- **Data for analysis**
═══
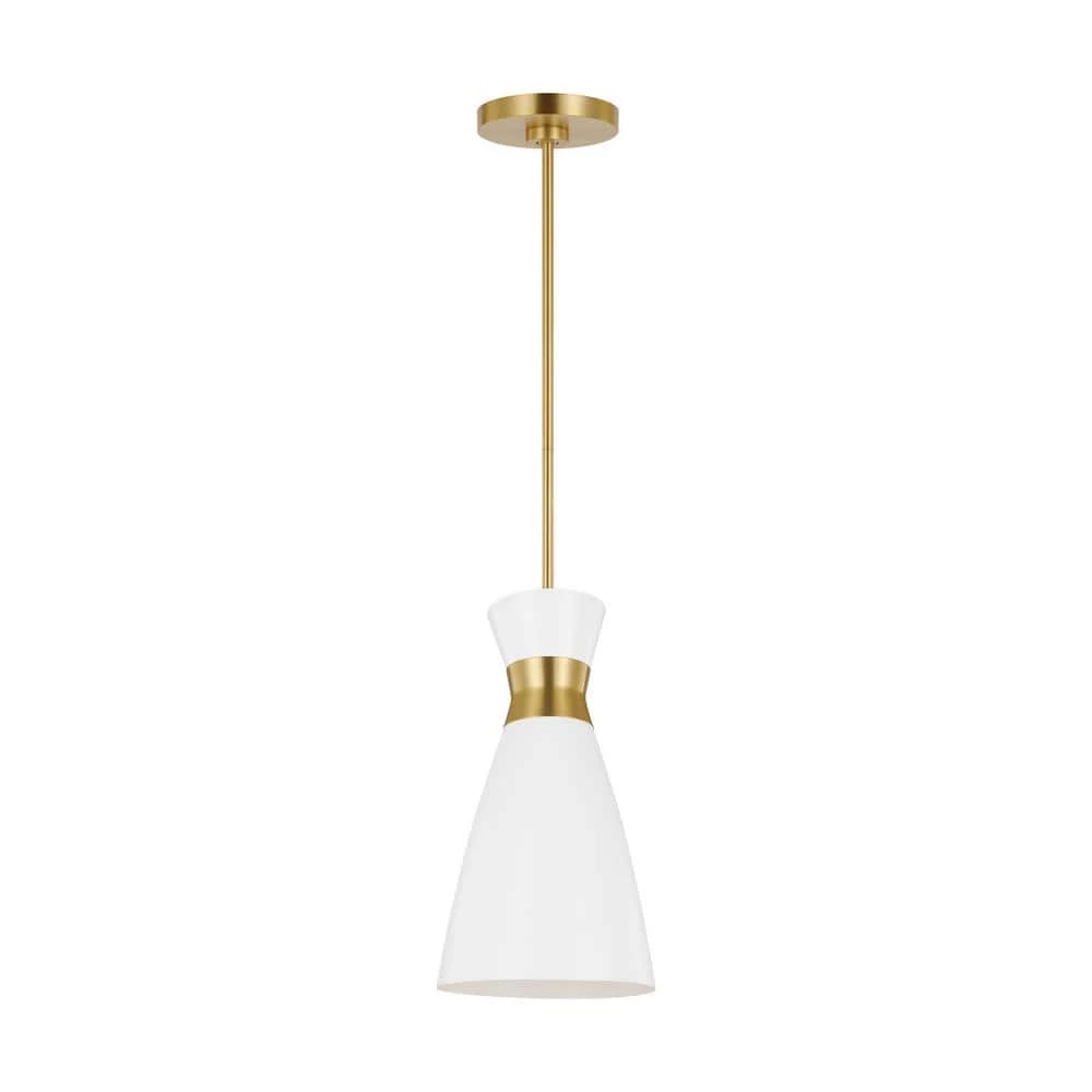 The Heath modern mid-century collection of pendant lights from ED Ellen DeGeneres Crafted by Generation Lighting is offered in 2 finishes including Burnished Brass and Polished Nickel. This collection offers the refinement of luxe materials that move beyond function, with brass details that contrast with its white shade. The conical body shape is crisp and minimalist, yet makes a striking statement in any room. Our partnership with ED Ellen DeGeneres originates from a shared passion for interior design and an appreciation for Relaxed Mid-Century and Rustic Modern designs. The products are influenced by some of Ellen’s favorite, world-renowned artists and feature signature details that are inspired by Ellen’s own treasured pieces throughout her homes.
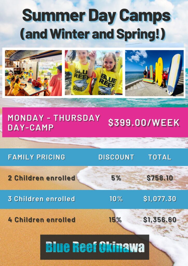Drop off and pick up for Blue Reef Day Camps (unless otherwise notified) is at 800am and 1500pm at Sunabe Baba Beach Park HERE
═══
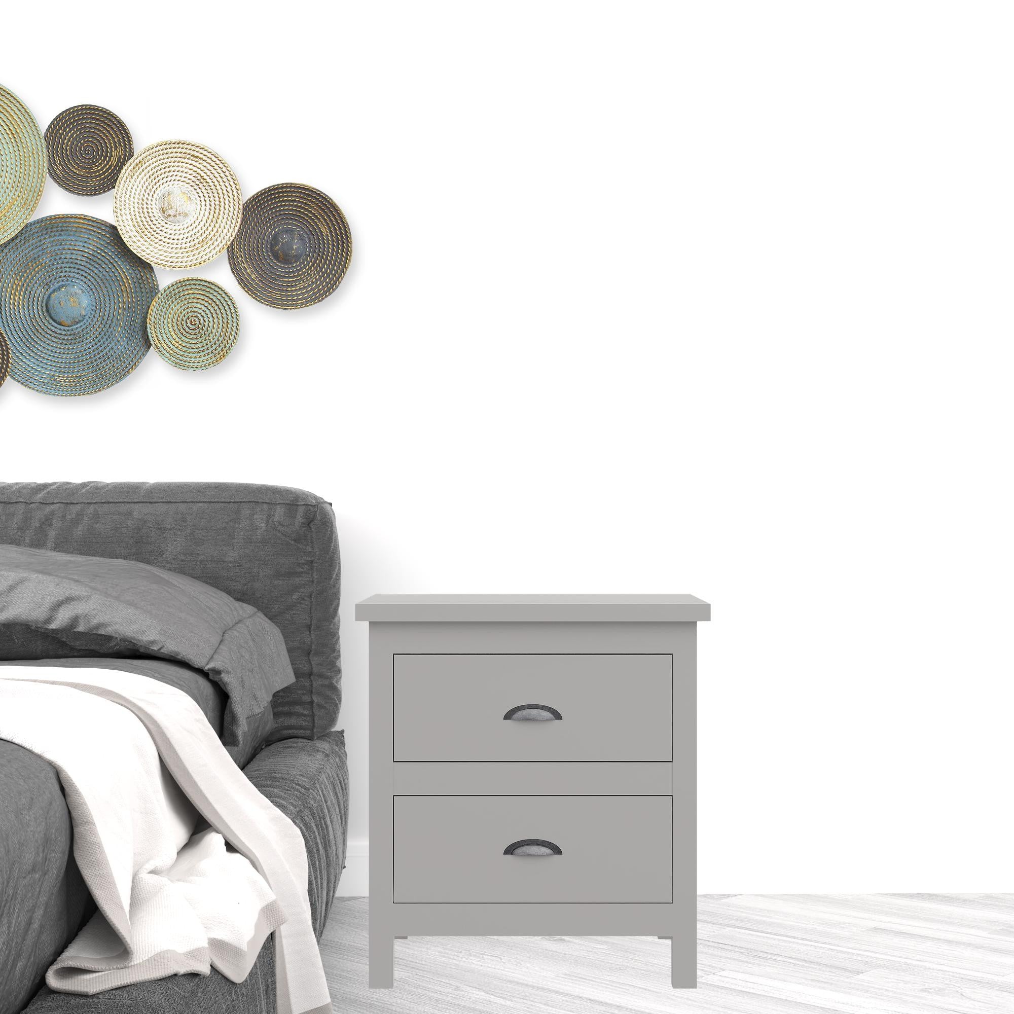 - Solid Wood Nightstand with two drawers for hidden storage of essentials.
═══
- **Exercise goal**
Could you write out exactly the lines of the data above that run from the one holding "The Heath modern" to the one holding "Drop off and", with both ends in and all pictures out?

- **Response area**
 The Heath modern mid-century collection of pendant lights from ED Ellen DeGeneres Crafted by Generation Lighting is offered in 2 finishes including Burnished Brass and Polished Nickel. This collection offers the refinement of luxe materials that move beyond function, with brass details that contrast with its white shade. The conical body shape is crisp and minimalist, yet makes a striking statement in any room. Our partnership with ED Ellen DeGeneres originates from a shared passion for interior design and an appreciation for Relaxed Mid-Century and Rustic Modern designs. The products are influenced by some of Ellen’s favorite, world-renowned artists and feature signature details that are inspired by Ellen’s own treasured pieces throughout her homes.
Drop off and pick up for Blue Reef Day Camps (unless otherwise notified) is at 800am and 1500pm at Sunabe Baba Beach Park HERE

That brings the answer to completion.